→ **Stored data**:

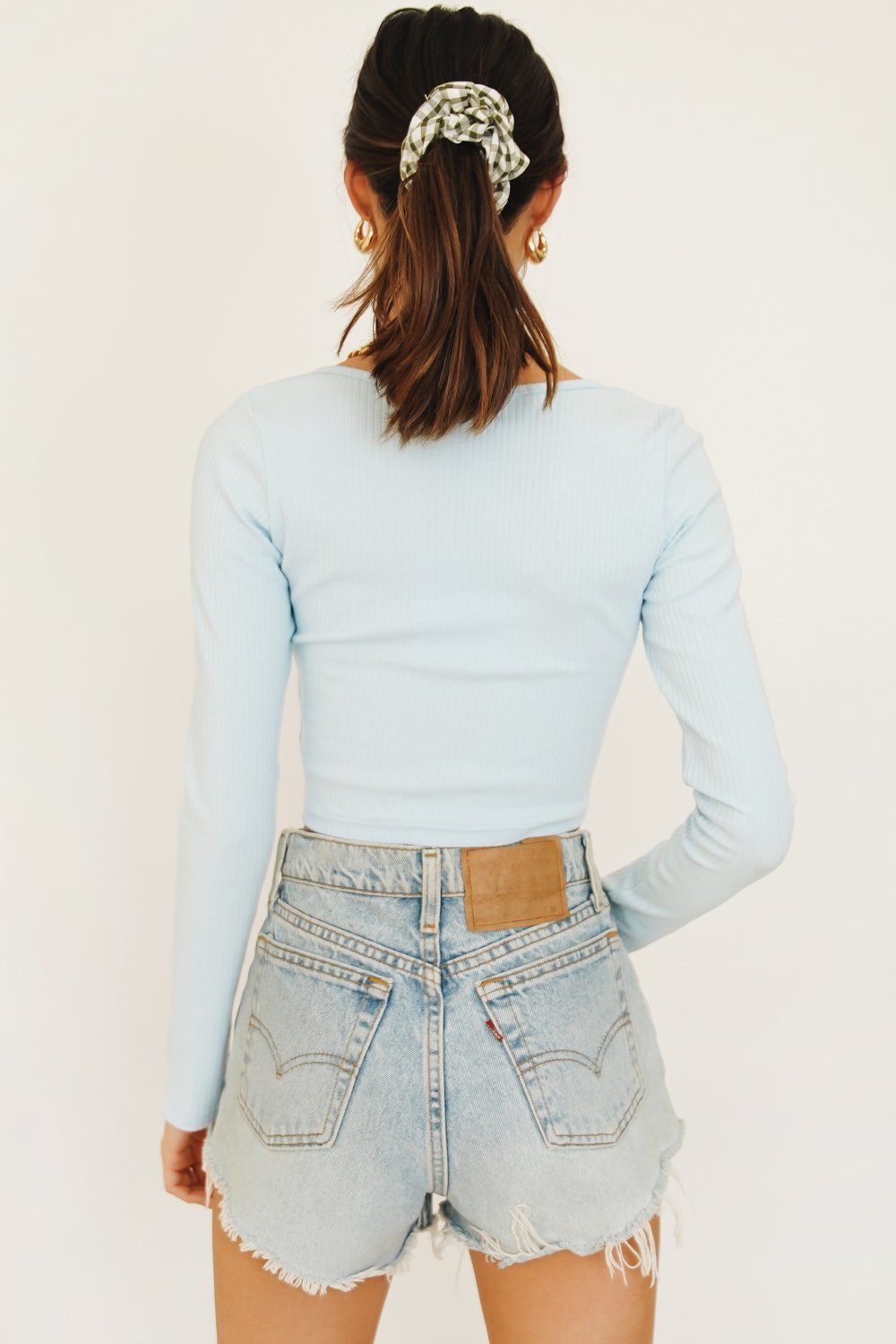 Model Off-Duty Vibes... This ribbed, button front top is giving us total Bella vibes styled with vintage denim, sneakers & layered gold accessories. Also available in Cream.
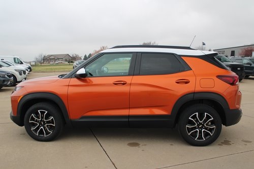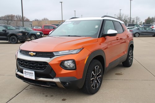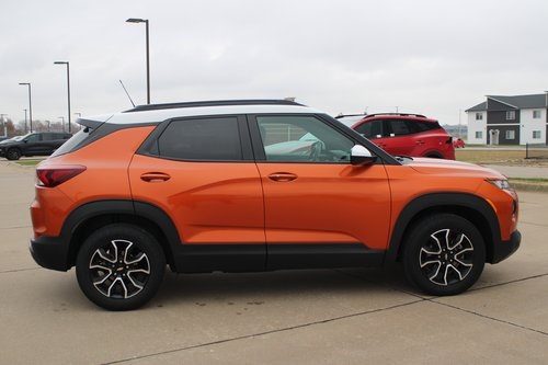 2022 Chevrolet TrailBlazer ACTIV Vivid Orange Metallic 4D Sport Utility 1.3L Ecotec Turbo DOHC SIDI w/VVT 9-Speed Automatic AWD ACTIV This vehicle comes well equipped with Convenience Package (1 Type-A & 1 Type-C USB Charging-Only Ports, 120-Volt Power Outlet, 8" Diagonal Color Touchscreen Display, Cabin Humidity Sensor, Driver & Front Passenger Illuminated Vanity Mirrors, Inside Rear-View Auto-Dimming Mirror, and Single-Zone Auto Climate Control Air Conditioning), Driver Confidence Package (Lane Change Alert w/Side Blind Zone Alert, Rear Cross Traffic Alert, and Rear Park Assist), Preferred Equipment Group 1SA (Heated Steering Wheel), Sun & Liftgate Package (Dual-Pane Panoramic Power Sunroof and Hands-Free Power Programmable Liftgate), Technology Package (4.2" Diagonal Multi-Color Driver Info Center, Adaptive Cruise Control, Bose Premium 7-Speaker Audio System Feature, HD Radio, HD Rear Vision Camera, LED Headlamps, Memory Card Receptacle, Radio: Chevrolet Infotainment 3 Plus System, SiriusXM w/360L, and Wireless Charging), 2-Way Power Driver Lumbar Seat Adjuster, 3.17 Axle Ratio, 4-Way Manual Front Passenger Seat Adjuster, 4-Wheel Disc Brakes, 6 Speakers, 6-Speaker Audio System Feature w/Amplifier, 8-Way Power Driver Seat Adjuster, ABS brakes, Air Conditioning, Alloy wheels, AM/FM radio: SiriusXM, Auto High-beam Headlights, Brake assist, Bumpers: body-color, Compass, Delay-off headlights, Driver door bin, Driver vanity mirror, Dual front impact airbags, Dual front side impact airbags, Electronic Stability Control, Emergency communication system: OnStar and Chevrolet connected services capable, Exterior Parking Camera Rear, Flat-Folding Front Passenger Seatback, Front anti-roll bar, Front Bucket Seats, Front Center Armrest, Front fog lights, Front License Plate Bracket, Front reading lights, Front wheel independent suspension, Fully automatic headlights, Heated door mirrors, Heated Driver & Front Passenger Seats, Heated front seats, Heated steering wheel, Illuminated entry, Knee airbag, Leather Shift Knob, Leather steering wheel, Leatherette Seat Trim, Low tire pressure warning, Not Equipped w/Driver & Fr Passenger Heated Seats, Not Equipped w/Rear Park Assist, Occupant sensing airbag, Overhead airbag, Overhead console, Panic alarm, Passenger door bin, Passenger vanity mirror, Power door mirrors, Power driver seat, Power steering, Power windows, Radio data system, Radio: Chevrolet Infotainment 3 System, Rear seat center armrest, Rear side impact airbag, Rear window defroster, Rear window wiper, Remote keyless entry, Ride & Handling Suspension, Roof rack: rails only, Security system, SiriusXM Radio, Speed control, Split folding rear seat, Spoiler, Steering wheel mounted audio controls, Summit White Two-Tone Roof, Tachometer, Telescoping steering wheel, Tilt steering wheel, Traction control, Trip computer, Variably intermittent wipers, Wheels: 17" High Gloss Black Machined Aluminum, and Wireless Apple CarPlay/Android Auto.
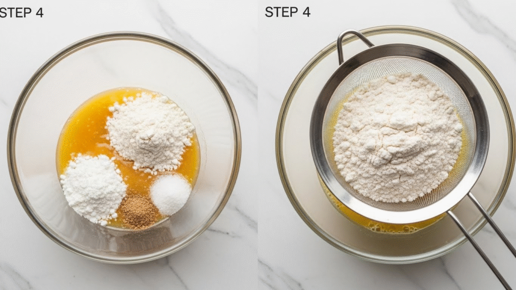 - In a separate bowl, combine flour, baking powder, baking soda, and salt.
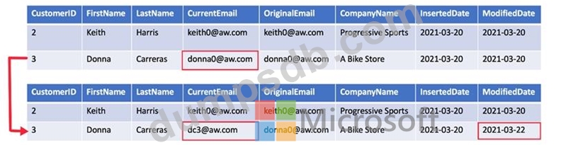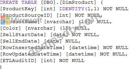 You need to implement a Type 3 slowly changing dimension (SCD) for product category data in an Azure Synapse Analytics dedicated SQL pool.
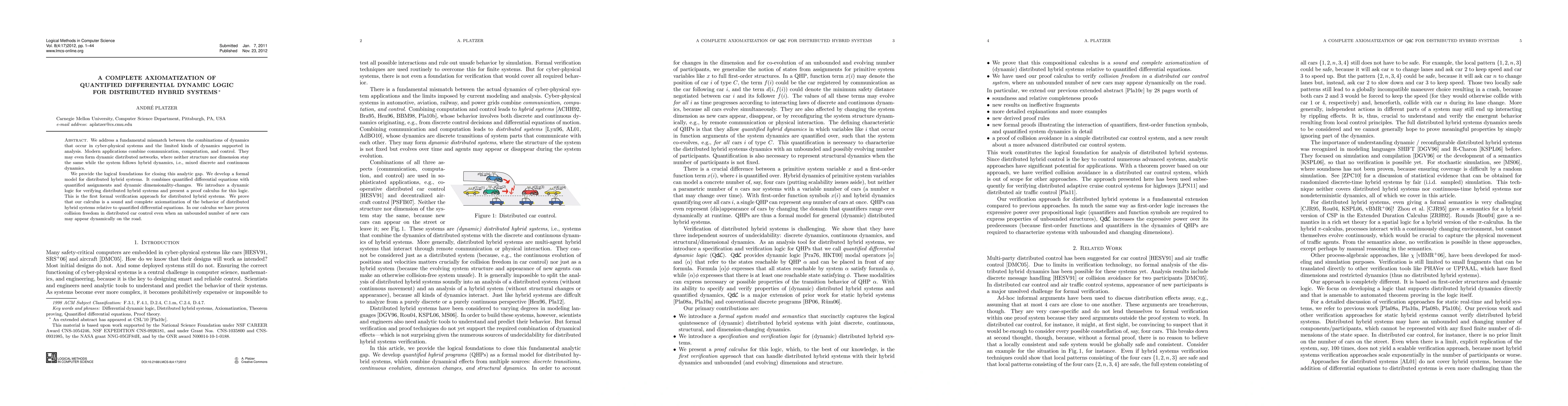 This paper presents a complete axiomatization for quantified differential dynamic logic to analyze distributed hybrid systems, combining communication, computation, and control. It introduces a formal model and proof calculus for verifying such systems, demonstrating its effectiveness through collision-free distributed car control scenarios.
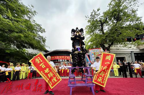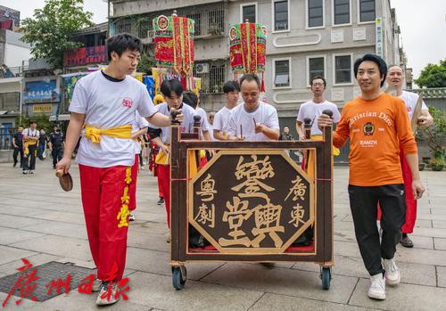 巡游队伍来粤剧艺术博物馆石碑广场,作醒狮、武术等表演。
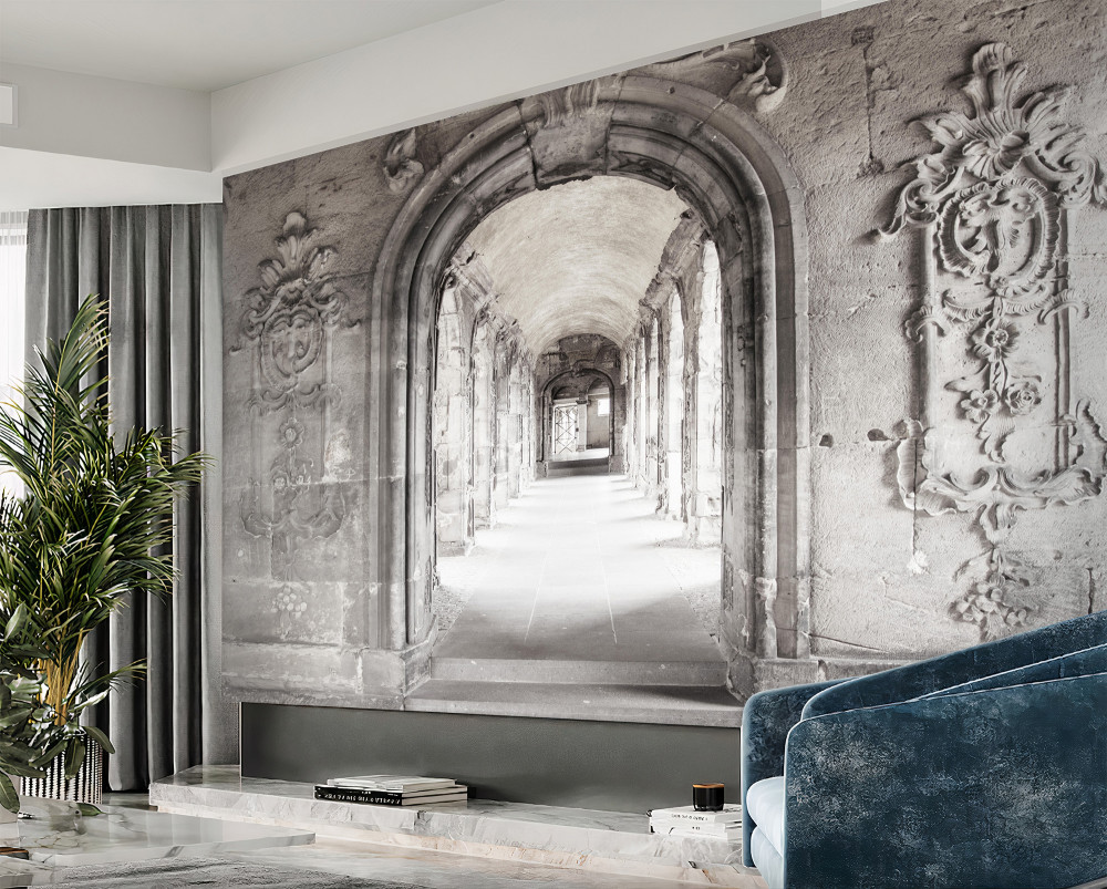 Papier peint Arches en béton avec vue sur la montagne et le ciel
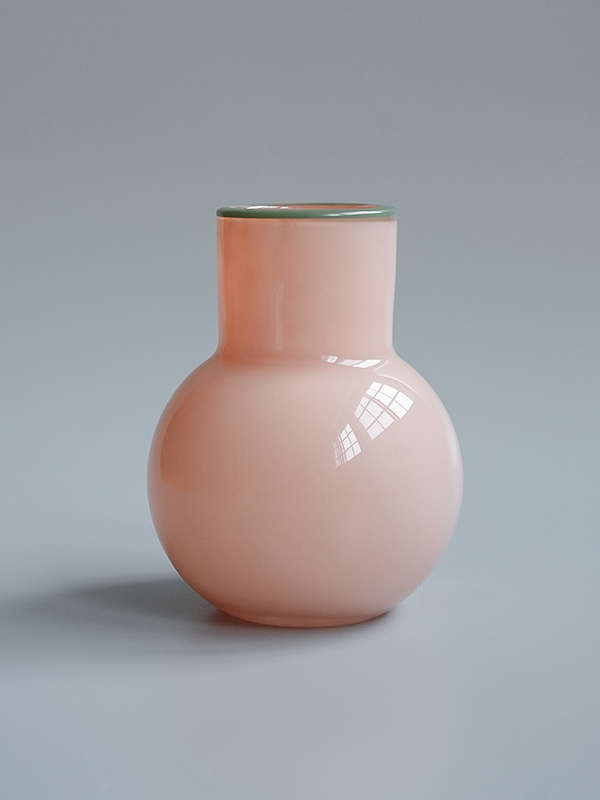「COLO ガラスベース M ピンク×グリーン」は、ボディ部分がピンク・ふち部分がライトグリーンの組み合わせ。
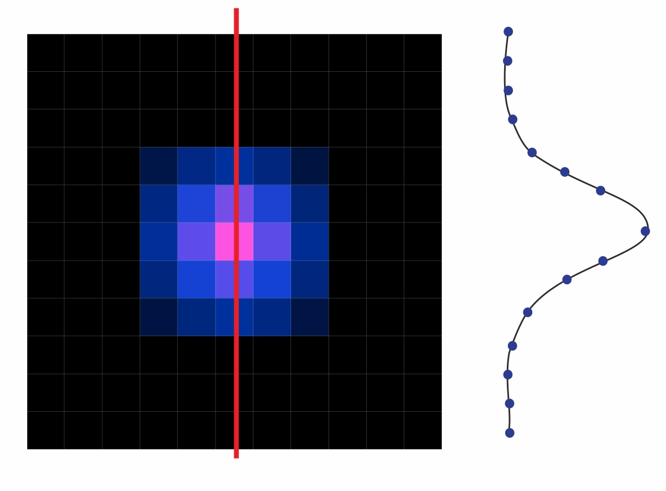相機(jī)式基于相機(jī)靶面成像的原理,光斑的形態(tài)由眾多像素的亮暗程度給出,所以我們只需要取光斑中心的一列像素值(圖中紅線)就可以得到一個(gè)側(cè)面輪廓圖。
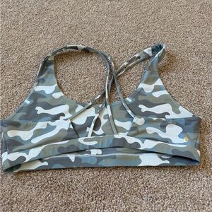 NWT bra in greenish/blueish/grayish camo colors. Cross back strappy detail.
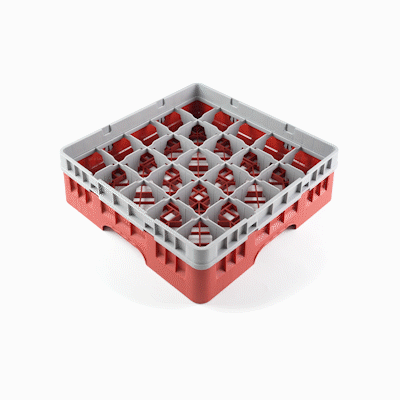 RED GLASS RACK - 25 COMPARTMENTS, 1 FULL DROP EXTENDER
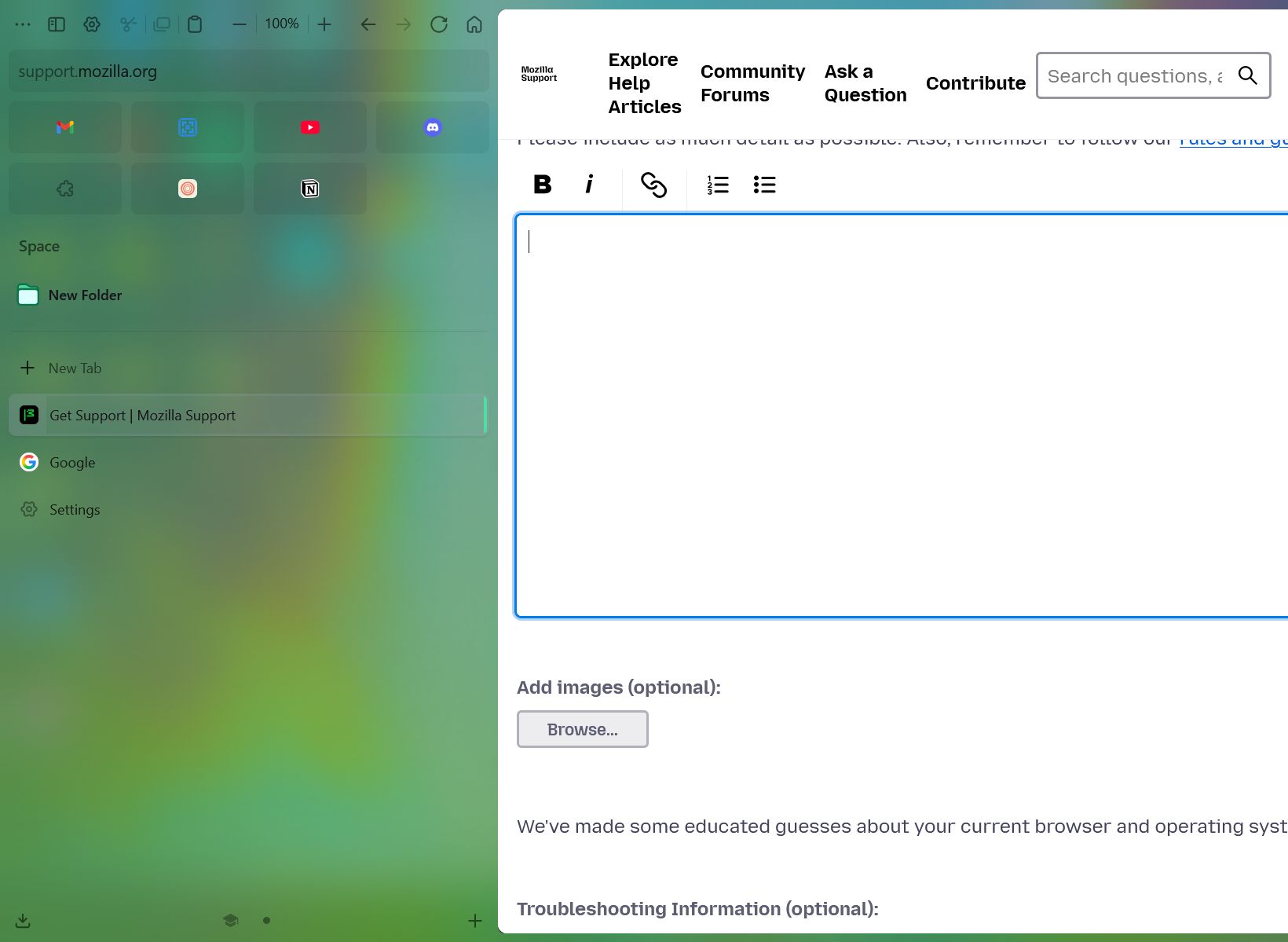 Hi, I'm afraid we don't support any third-party browsers here.
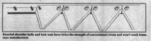 Kondex uses specially-engineered knurled shoulder bolts and lock nuts which have twice the strength of conventional rivets and won't work loose, Wessing points out.
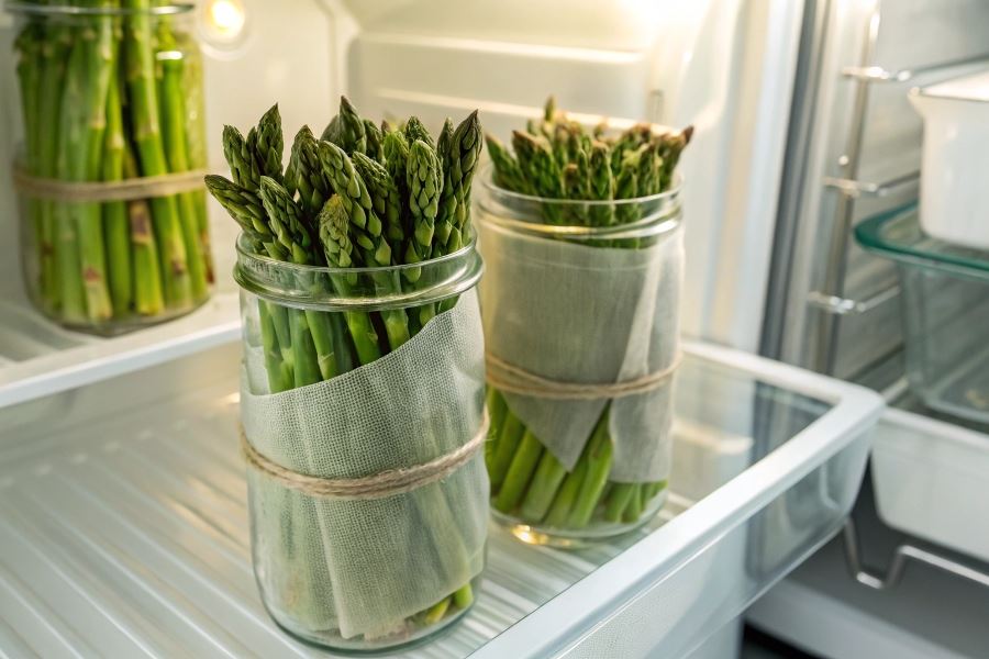 Taka metoda działa jak naturalna nawadniająca „waza” – szparagi pobierają wodę przez łodygi, pozostając jędrne i świeże nawet do 7 dni.
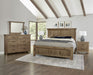 Vaughan Bassett Yellowstone American Dovetail Mirror in Chestnut Natural 782-448. Substantial solid white oak mirror with all the splits; cracks; knot holes – all of the aging and refining that can only be provided by Mother Nature herself. American Dovetail design feature on top corners. Vaughan Bassett has developed a patent-pending process that allows them to accelerate how wood ages. We have kept the splits; knots; cracks; and the bold grain pattern found in Oak lumber to create this reclaimed look in this beautiful and unique bedroom.
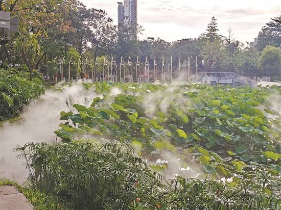 羊城晚报讯 记者景瑾瑾、通讯员邝泓根摄影报道:往年吸引广佛大量市民游客观赏、拍摄的绝美荷塘景色又来啦!记者从禅城区城市管理和综合执法局获悉,亚洲艺术公园(以下简称“亚艺公园”)禅荷花岛雾景调试工作已将近尾声,预计5月15日正式全面运行,届时市民可前往禅荷花岛观赏。 值得一提的是,今年的雾景每日开启时长相比往年大幅增加:每天从5时30分至10时30分;以及15时至22时30分,共分两个时段开启,并以每开启40分钟、暂停20分钟的周期运行,且周六日照常运行。 据了解,禅城区城管部门对喷雾系统进行了升级,雾化喷头的总数增加到了1880个,雾化装置增设到6处。雾化装置先对水进行臭氧杀菌及过滤纯化,随后对处理水施加极高压力,通过管道输送到喷头处,喷头再通过物理作用将水流裂解成直径仅有10-20微米的微小水珠,进而形成雾化效果。通过对喷头进行合理的空间配布、调整雾化装置的运行参数,相比以往水雾覆盖更均匀、覆盖面积更广,营造出“仙雾缭绕,菡萏含红”的景观效果。 禅城城管相关负责人介绍,该套系统能耗低、噪音小,而且系统运作时无需人工干预,必要时可远程控制,且在遇雷、雨天气时自动暂停。另一方面,自亚洲艺术公园和文华公园实现联通后,作为“城市会客厅”的重要组成部分,“亚艺荷韵”这一禅城名片的吸引效应将会更加显著,并赋予禅城更多的文化意蕴和内涵。

→ **Task to carry out**: Above are some records; quote exactly and only the lines that begin at the line containing "Hi, I'm afraid" and stop after the line containing "Taka metoda działa", leaving out the pictures.

→ **Answer for this exercise**:
 Hi, I'm afraid we don't support any third-party browsers here.
 Kondex uses specially-engineered knurled shoulder bolts and lock nuts which have twice the strength of conventional rivets and won't work loose, Wessing points out.
 Taka metoda działa jak naturalna nawadniająca „waza” – szparagi pobierają wodę przez łodygi, pozostając jędrne i świeże nawet do 7 dni.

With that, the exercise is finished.